The importance of this distinction can be seen in one critical example.  In the early days of planning for the invasion of Iraq, the Army’s 3rd Infantry Division was designated to be the head of the Army’s part in the overall invasion scheme – the tip of the spear.  Supporting 3rd ID was the 15th ASOS, commanded by another candidate for the TACP Hall of Honor, (then) Lieutenant Colonel Byron Risner.  The early planning was being conducted under the cloud of Hagenbeck’s accusations, and Risner found himself facing great hostility from the 3rd ID’s staff and key commanders.  Risner, who would be expected to employ effective air power to support that division, needed to build trust between those soldiers and his TACPs.  He did so by explaining to 3rd ID’s leaders and key staffers just how important it was to employ air-ground warfare as an operational concept, and that Hagenbeck’s interference with Pete’s efforts to do just that for tactical reasons brought many of Hagenbeck’s problems on himself.

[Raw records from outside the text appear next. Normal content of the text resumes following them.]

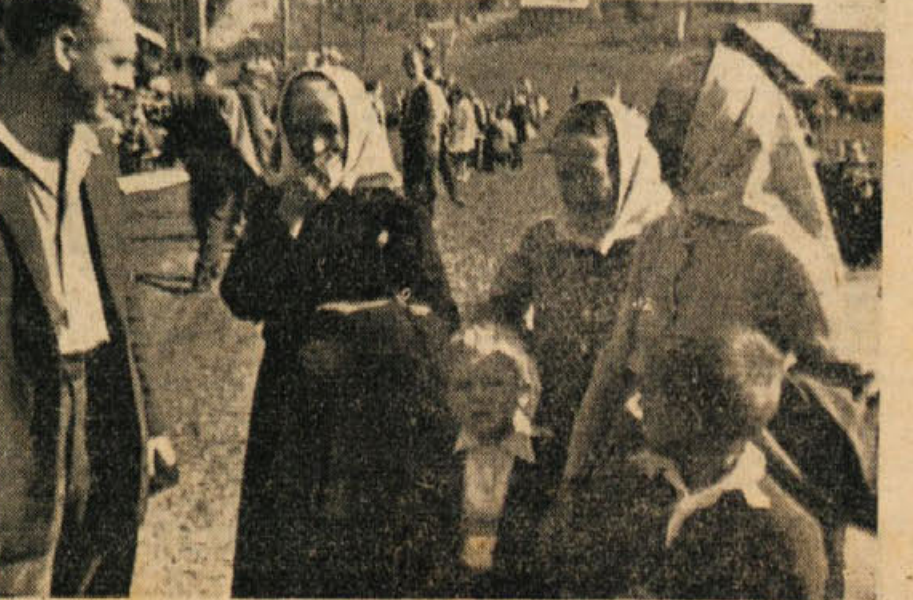
V prijetnih pogovorih znancev in prijateljev je čas hitro potekal
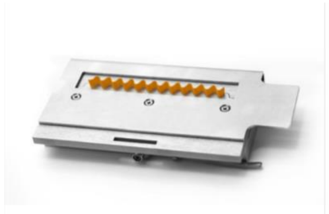
Abb.2: Concora Crush Test (CCT)
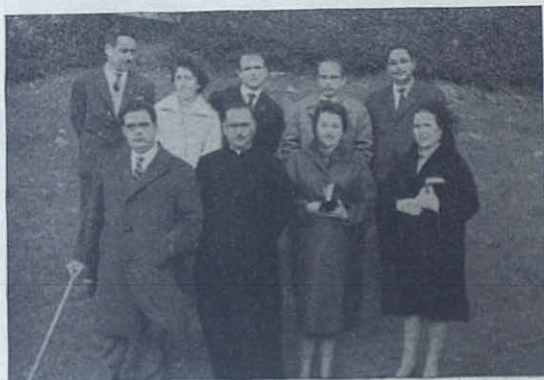
Grupo de Cooperadores salesianos que componen el Consejo Local en el Centro Colegio-Hogar de San Roque, de Vigo.
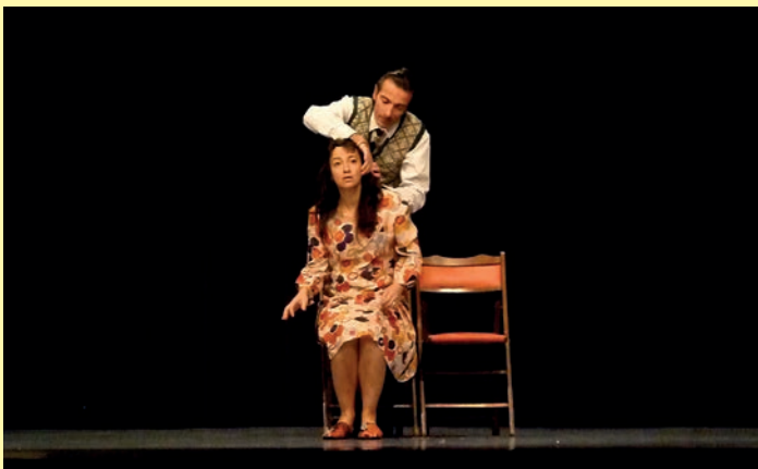
Le mercredi 17 octobre dans le cadre de la Semaine bleue, la pièce «Dans tes bras» a permis d'alimenter une réflexion sur le rôle des aidants face à la dépendance.
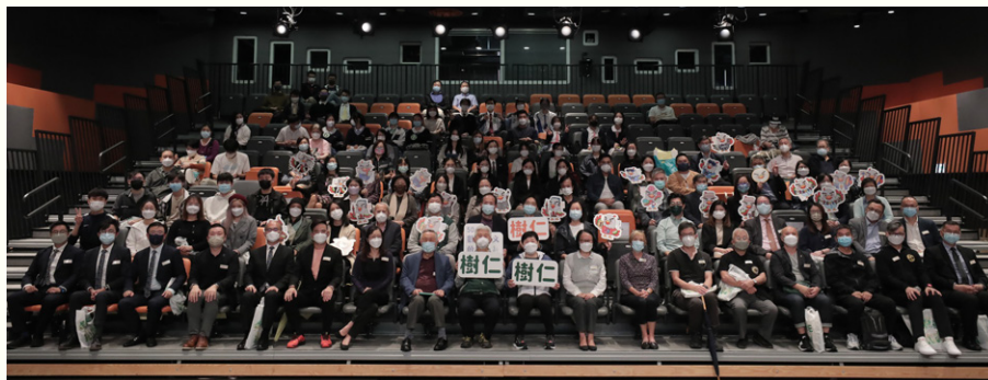
仁大資訊日開幕禮後大合照。

香港樹仁大學在2022年11月26日舉行資訊日(Info Day)，今年的主題是「50+1:數碼人文，敢於創新!」(50+1: Digital Humanities – We Innovate!)。樹仁大學的老師和學生當日總動員，讓到場參觀的公眾人士深入認識樹仁的課程、設施及最新發展，感受愉快的校園氣氛。
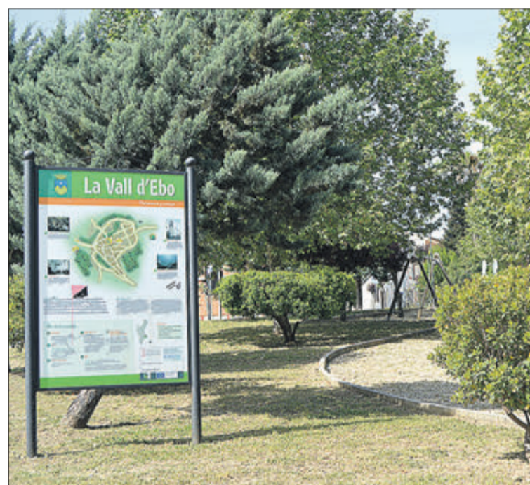
Una zona enjardinada, a l'entrada del poble.
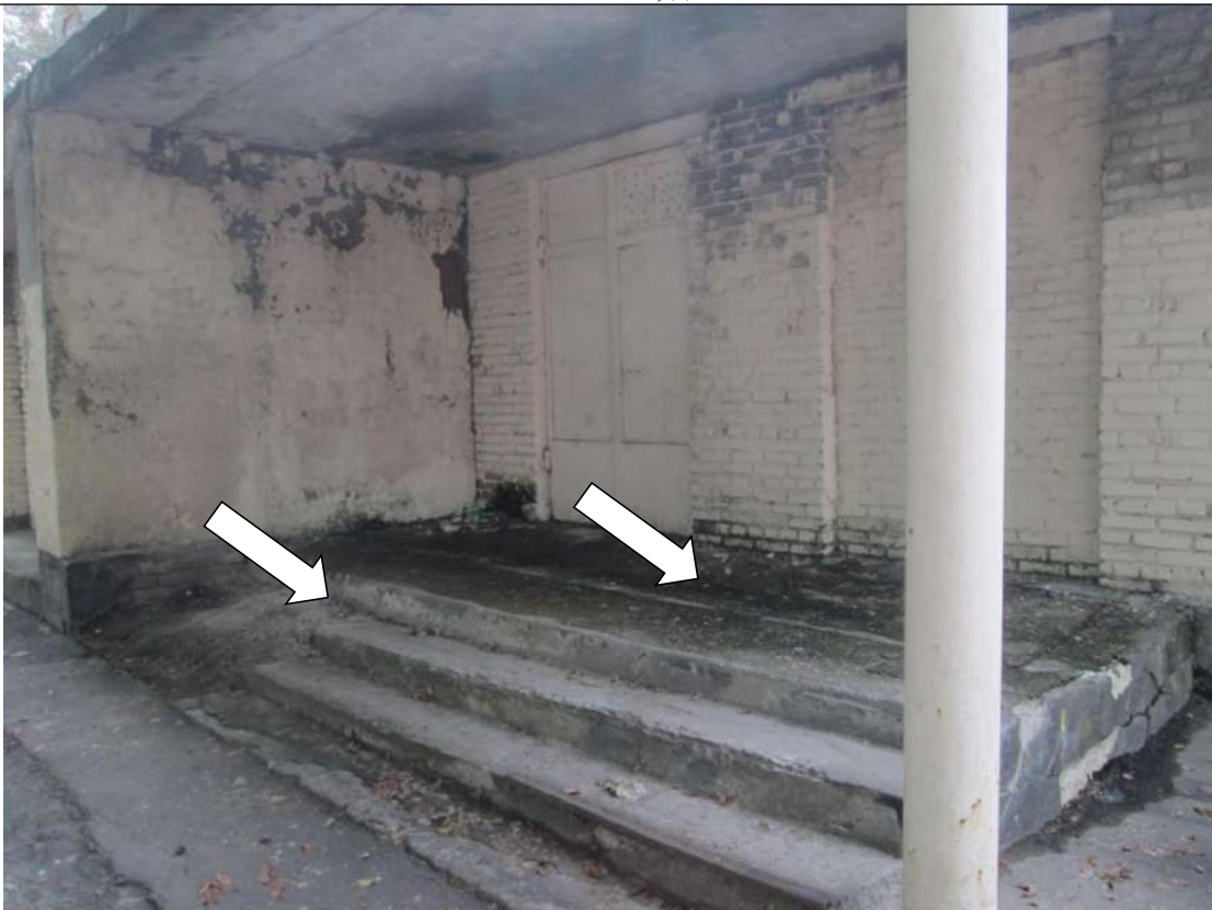
Фото № 15. Эвакуационный выход из зала столовой. Неровная входная площадка. На лестнице нет поручней, ступени разрушены

ГБПОУ РО ПУ №56 Административно-учебный корпус, по адресу: Ростовская область, г. Аксай, ул. Шолохова, д.4
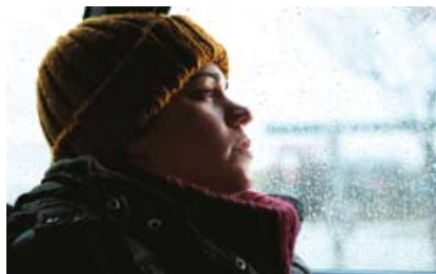
Μητέρα της ασφάλτου/ Majka asfalta του Dalibor Matanic

[...] Είναι πολύ ενδιαφέρον ότι φέτος γυρίστηκε και μια ακόμη σερβική ταινία με θέμα την πόλη Μπορ και τους ανθρώπους της (σ.σ.: το Τίλβα Ρορ του Nicola Lezaic). Είναι πολύ καλή ταινία. Ο σκηνοθέτης είναι γέννημα-θρέμμα της πόλης και η ιστορία του είναι πολύ διαφορετική από τη δική μου. Εκείνος γύρισε ένα φιλμ ενηλικίωσης.
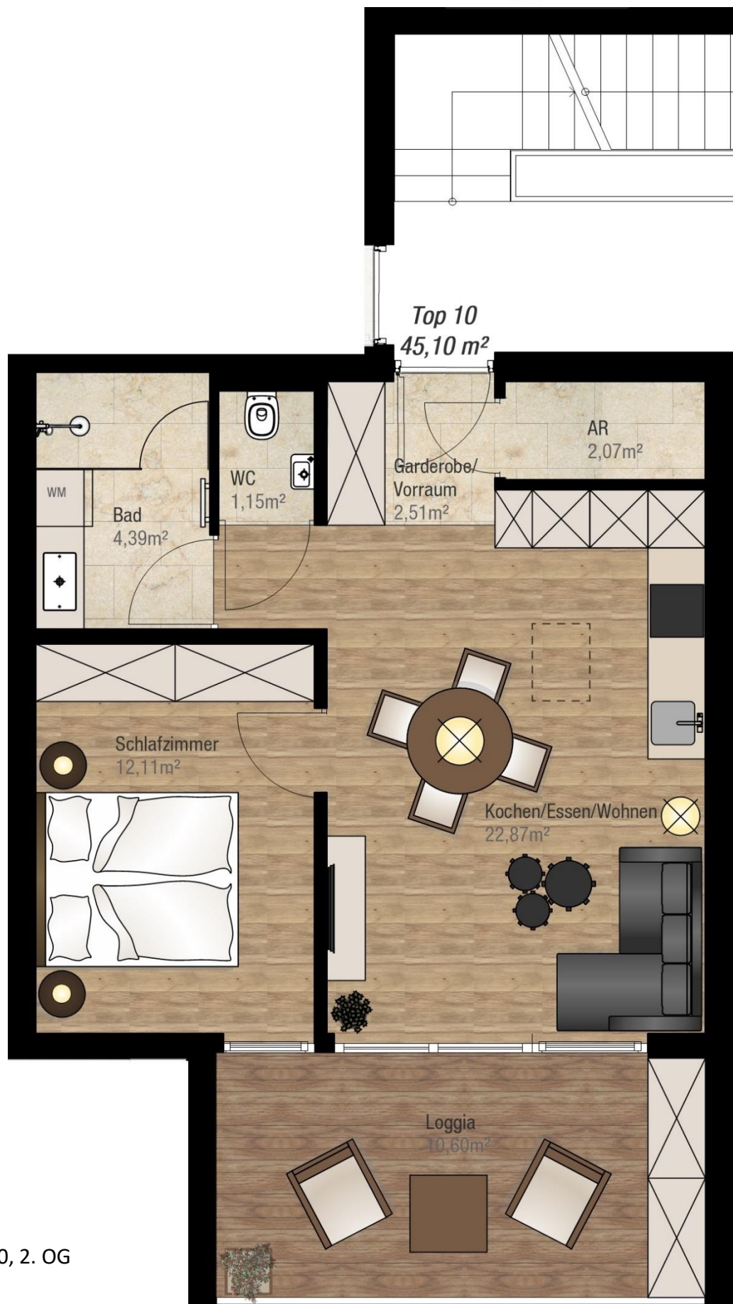
Grundriss Top 10, 2. OG
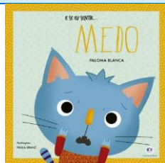
E se eu sentir ... Medo Autora: Paloma Blanca Editora Ciranda Cultural
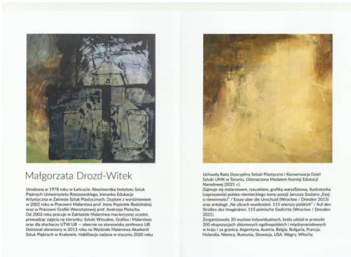
Folder wystawy, str. 2, 3
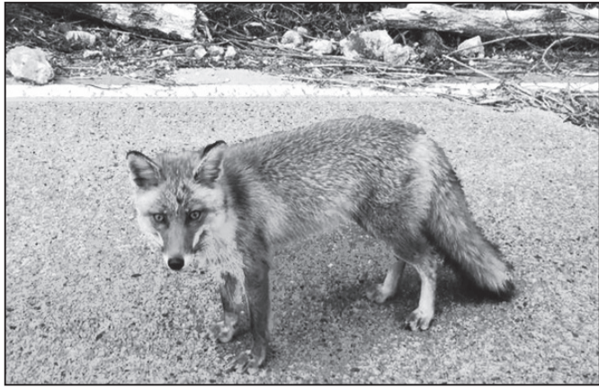
まきばの風から嘉例沢森林公園に向かう山道で、ぱったり狐と遭遇。えっ、ホント!? 狐につままれたよう。200mほどにわたって、ついてきました。 <ナイスミーチャー>
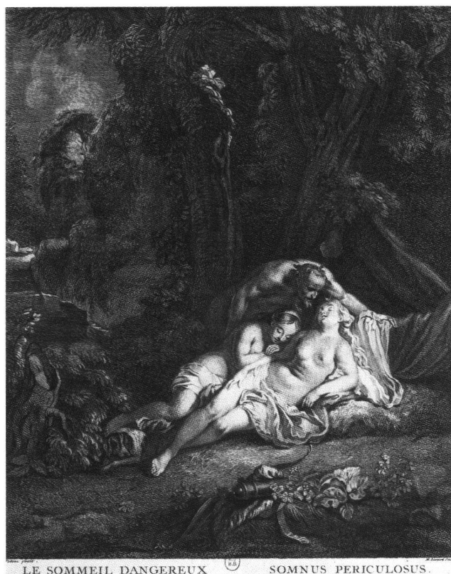
Fig. 9 Gravure par Jean-Michel Liotard d'après Watteau. Le sommeil dangereux. Collection privée.

* (fig. 9) Diane endormie, une nymphe dort à côté d'elle, un satyre regarde, un des plus beaux du maître. Jean-Michel Liotard grave le tableau en 1730 sous le titre Le Sommeil dangereux (24 × 18 p.) pour le Recueil Jullienne ; le tableau passe en 1730 ou 1731 de Jullienne à Jean-Michel. Jean-Etienne le lui achète avant 1756. Estimé L. 3000 dans le catalogue inconnu de 1756. 1771, 57 (20 × 16½ p.). 1773, 17 (éd. angl: 120 gns.). 1774b, 49 (Two Venusses sleeping with satyrs), pour 12 gs. à Deleroux, mais en effet invendu: 1777, Tronchin, p. 3. 1785, 15 (20 × 15½ p.). Vendu à Paris en 1788 par Liotard fils à l'insu de sa famille pour un vil prix (L. 10320 avec les deux van Huysum et un Autoportrait de Rembrandt). Inconnu depuis. 78

 One of my last conversations with Pete came several years after that debacle while he was working at ACC headquarters.  I was calling him to get his thoughts on an operational air power piece I was working on.  I’ll never forget his enthusiastic response, “Ah, operational air power – my favorite subject!”

We lost one of our best.  “The world will little note nor long remember” Pete’s contributions, but no TACP should ever forget.  We must never forget. 

Steve Call, Lt. Col. (Ret.) USAF, Ph.D.  E-mail: sccall321@gmail.com 

Active Duty: 1981-2001, B-52 Pilot and ALO, wrote Danger Close: Air Force Tactical Air Controllers in Afghanistan and Iraq, and is currently active in writing articles and speaking in various forums all focused on TACP history.  He hopes to get another book on TACP history and heritage published soon.